[Opening Material provided section]
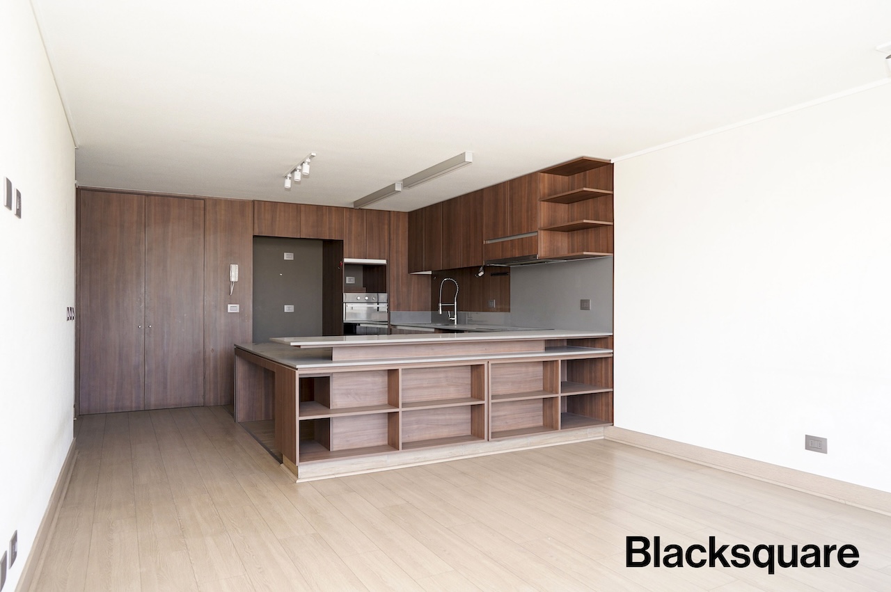 Al acceder al departamento, nos encontramos con un amplio living comedor con vista despejada, en que se destaca la gran cocina americana, la que está totalmente equipada y tiene unas amplias cubiertas de granito, que hacen que esta sea el centro del departamento. El living tiene acceso a una gran terraza, la que recorre todo el departamento y también tiene vista despejada asegurada.
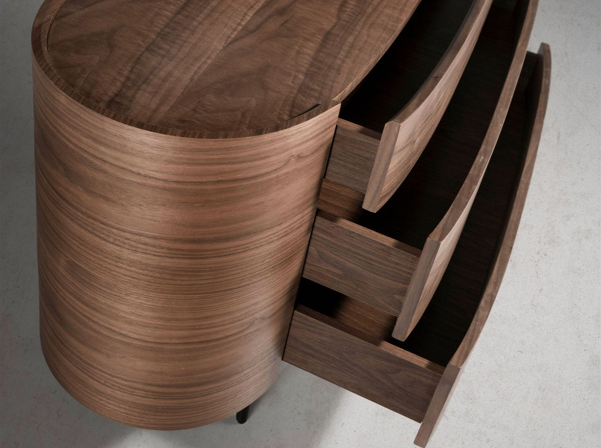 - An elegant and sophisticated chest of drawers in0.5 mm thick natural walnut veneerthat will add a touch of modernity and warmth to your bedroom.
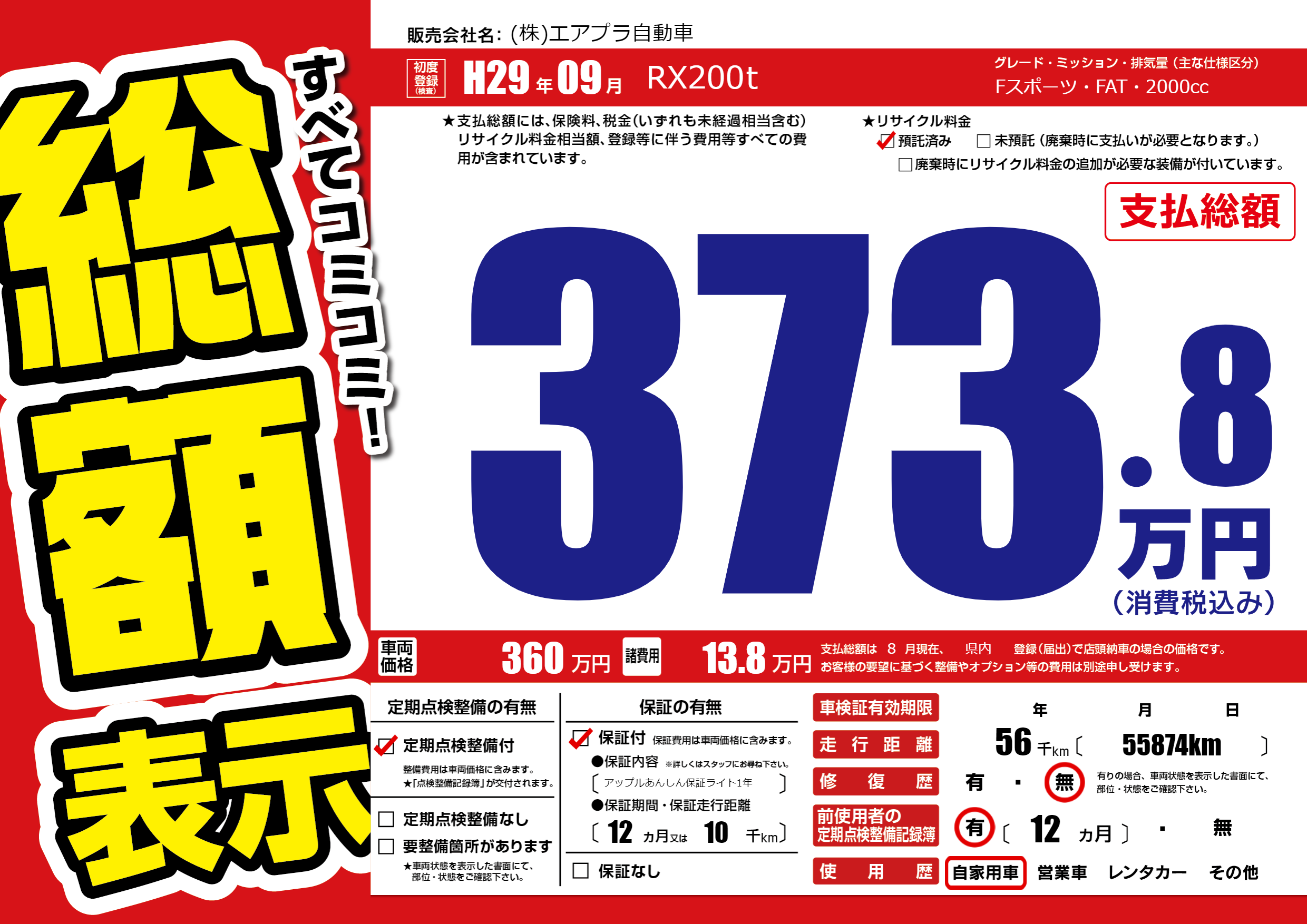 | 車名 | RX200t | グレード ミッション 排気量 |
[Closing Material provided section]
__Directions for this task__. Nothing but the pictures may be dropped as you repeat the listing above exactly.

__Expected answer__.
 Al acceder al departamento, nos encontramos con un amplio living comedor con vista despejada, en que se destaca la gran cocina americana, la que está totalmente equipada y tiene unas amplias cubiertas de granito, que hacen que esta sea el centro del departamento. El living tiene acceso a una gran terraza, la que recorre todo el departamento y también tiene vista despejada asegurada.
 - An elegant and sophisticated chest of drawers in0.5 mm thick natural walnut veneerthat will add a touch of modernity and warmth to your bedroom.
 | 車名 | RX200t | グレード ミッション 排気量 |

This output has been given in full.